YOUR INSTRUCTIONS
Give again, word for word, each line below starting at the one that contains "Cảnh sát đến" and ending at the one that contains "Each kit comprises".

___ DATA FOR REVIEW

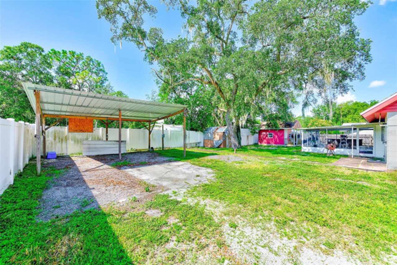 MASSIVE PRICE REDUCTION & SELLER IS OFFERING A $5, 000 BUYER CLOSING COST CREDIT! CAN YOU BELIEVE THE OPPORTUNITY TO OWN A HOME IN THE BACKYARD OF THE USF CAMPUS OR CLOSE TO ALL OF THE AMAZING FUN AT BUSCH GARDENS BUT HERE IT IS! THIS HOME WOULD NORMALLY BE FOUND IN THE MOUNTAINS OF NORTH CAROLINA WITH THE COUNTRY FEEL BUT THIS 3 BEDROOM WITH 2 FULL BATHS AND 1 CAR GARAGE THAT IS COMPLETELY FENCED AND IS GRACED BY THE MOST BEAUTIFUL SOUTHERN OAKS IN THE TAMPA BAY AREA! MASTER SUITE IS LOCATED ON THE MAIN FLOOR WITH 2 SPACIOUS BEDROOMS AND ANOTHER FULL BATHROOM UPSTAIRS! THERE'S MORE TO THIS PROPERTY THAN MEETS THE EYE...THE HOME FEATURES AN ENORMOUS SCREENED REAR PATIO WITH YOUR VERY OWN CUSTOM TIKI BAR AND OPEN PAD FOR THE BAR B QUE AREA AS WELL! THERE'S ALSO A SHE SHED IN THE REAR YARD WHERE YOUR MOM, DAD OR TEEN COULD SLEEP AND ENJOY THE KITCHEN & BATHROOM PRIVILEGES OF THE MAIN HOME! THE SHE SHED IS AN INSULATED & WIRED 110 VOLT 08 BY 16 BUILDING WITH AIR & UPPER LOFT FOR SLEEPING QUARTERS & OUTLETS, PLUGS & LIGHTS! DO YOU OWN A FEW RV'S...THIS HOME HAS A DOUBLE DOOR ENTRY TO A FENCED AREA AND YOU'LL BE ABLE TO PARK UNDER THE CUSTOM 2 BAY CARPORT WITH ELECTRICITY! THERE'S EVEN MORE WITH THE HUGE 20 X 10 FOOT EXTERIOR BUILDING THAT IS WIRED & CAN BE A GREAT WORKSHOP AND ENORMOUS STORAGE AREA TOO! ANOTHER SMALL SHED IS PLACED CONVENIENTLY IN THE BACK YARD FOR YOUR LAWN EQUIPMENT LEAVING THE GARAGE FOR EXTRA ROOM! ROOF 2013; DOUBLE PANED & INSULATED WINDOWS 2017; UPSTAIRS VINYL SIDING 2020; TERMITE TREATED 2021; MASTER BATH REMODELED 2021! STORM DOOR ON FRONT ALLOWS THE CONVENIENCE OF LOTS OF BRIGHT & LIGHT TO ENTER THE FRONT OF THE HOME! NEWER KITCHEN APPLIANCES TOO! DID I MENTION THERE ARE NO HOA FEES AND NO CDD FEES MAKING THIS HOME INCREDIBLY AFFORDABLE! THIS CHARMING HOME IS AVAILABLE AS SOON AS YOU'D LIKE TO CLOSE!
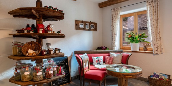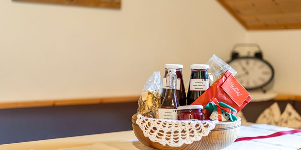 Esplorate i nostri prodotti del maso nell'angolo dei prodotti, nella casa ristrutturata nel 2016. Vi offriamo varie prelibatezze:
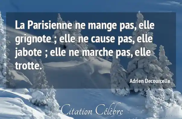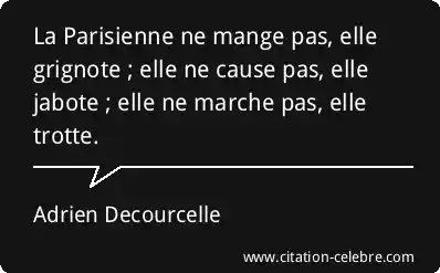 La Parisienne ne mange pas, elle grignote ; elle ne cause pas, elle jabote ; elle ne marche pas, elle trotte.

______
___ DATA FOR REVIEW

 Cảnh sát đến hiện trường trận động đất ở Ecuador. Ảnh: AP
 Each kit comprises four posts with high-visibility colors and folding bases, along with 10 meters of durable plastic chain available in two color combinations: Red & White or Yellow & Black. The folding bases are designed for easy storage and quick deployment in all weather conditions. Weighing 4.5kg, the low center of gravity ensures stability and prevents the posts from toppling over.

______

RESULT OF THIS TASK
 Cảnh sát đến hiện trường trận động đất ở Ecuador. Ảnh: AP
 Each kit comprises four posts with high-visibility colors and folding bases, along with 10 meters of durable plastic chain available in two color combinations: Red & White or Yellow & Black. The folding bases are designed for easy storage and quick deployment in all weather conditions. Weighing 4.5kg, the low center of gravity ensures stability and prevents the posts from toppling over.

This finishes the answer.